Sementara itu, untuk insiden 30 Maret 2026, hasil investigasi awal menunjukkan bahwa ledakan berasal dari perangkat peledak rakitan (IED) yang terpicu oleh korban melalui mekanisme tripwire. Analisis lokasi kejadian, karakteristik ledakan, serta kondisi di lapangan mengarah pada dugaan keterlibatan kelompok Hizbullah.

Baca Juga: 3 Prajurit TNI Gugur di Lebanon, DPR Undang Menhan ke Senayan

"Investigasi menilai bahwa, mengingat lokasi kejadian, karakteristik ledakan, serta konteks saat ini, IED tersebut kemungkinan besar dipasang oleh Hizbullah," katanya.

Peristiwa tragis tersebut menyebabkan gugurnya tiga prajurit TNI, yakni Mayor Zulmi Aditya Iskandar, Sersan Satu Muhammad Nur Ichwan, dan Kopral Farizal Rhomadon.

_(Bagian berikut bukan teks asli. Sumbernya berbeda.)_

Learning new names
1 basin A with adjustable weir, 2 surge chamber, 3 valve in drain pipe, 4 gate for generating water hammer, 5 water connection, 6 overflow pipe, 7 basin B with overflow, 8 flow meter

Temuan awal ini telah disampaikan kepada pemerintah Indonesia, Lebanon, serta Israel sebagai pihak terkait dalam konflik tersebut.

Dujarric menegaskan bahwa hasil ini masih bersifat awal dan investigasi menyeluruh masih terus berlangsung. PBB juga akan membentuk Dewan Penyelidikan untuk mendalami kedua insiden tersebut sesuai prosedur yang berlaku.

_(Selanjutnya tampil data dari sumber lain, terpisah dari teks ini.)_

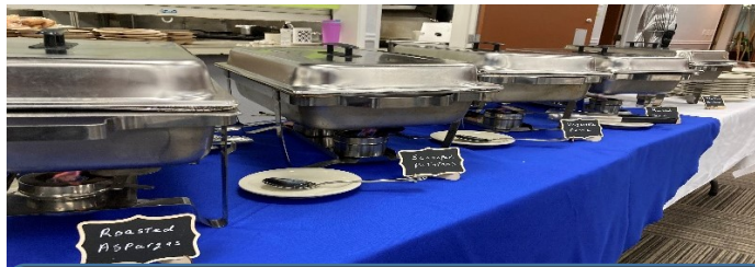
Roasted Asparagus – Scalloped Potato – Vegetable Pasta – Baked Ham – Stuffed Bell Pepper - Dessert
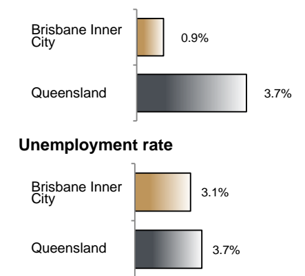
Figure 1 Annual change in employment, Brisbane Inner City SA4

"Dewan Penyelidikan akan dibentuk untuk kedua kasus tersebut, sesuai dengan prosedur yang berlaku di PBB," katanya.

PBB turut menyampaikan belasungkawa kepada keluarga korban dan Pemerintah Indonesia, serta berharap korban yang terluka dapat segera pulih. Selain itu, PBB menekankan bahwa insiden semacam ini tidak dapat diterima dan harus diproses secara hukum.

Baca Juga: UNIFIL Siapkan Protes Resmi Usai Kamera Pengawas Dirusak Israel

"Insiden-insiden ini tidak dapat diterima. Kami telah meminta para pihak terkait agar kasus ini diselidiki dan diproses secara hukum oleh otoritas nasional untuk membawa para pelaku ke pengadilan dan memastikan pertanggungjawaban pidana atas kejahatan terhadap penjaga perdamaian," katanya.

Lebih lanjut, ia menegaskan bahwa serangan terhadap personel penjaga perdamaian dapat dikategorikan sebagai kejahatan perang menurut hukum internasional.

"Semua pihak harus mematuhi kewajiban mereka untuk menjamin keselamatan dan keamanan para penjaga perdamaian setiap saat. Kekebalan fasilitas Perserikatan Bangsa-Bangsa harus dihormati," katanya.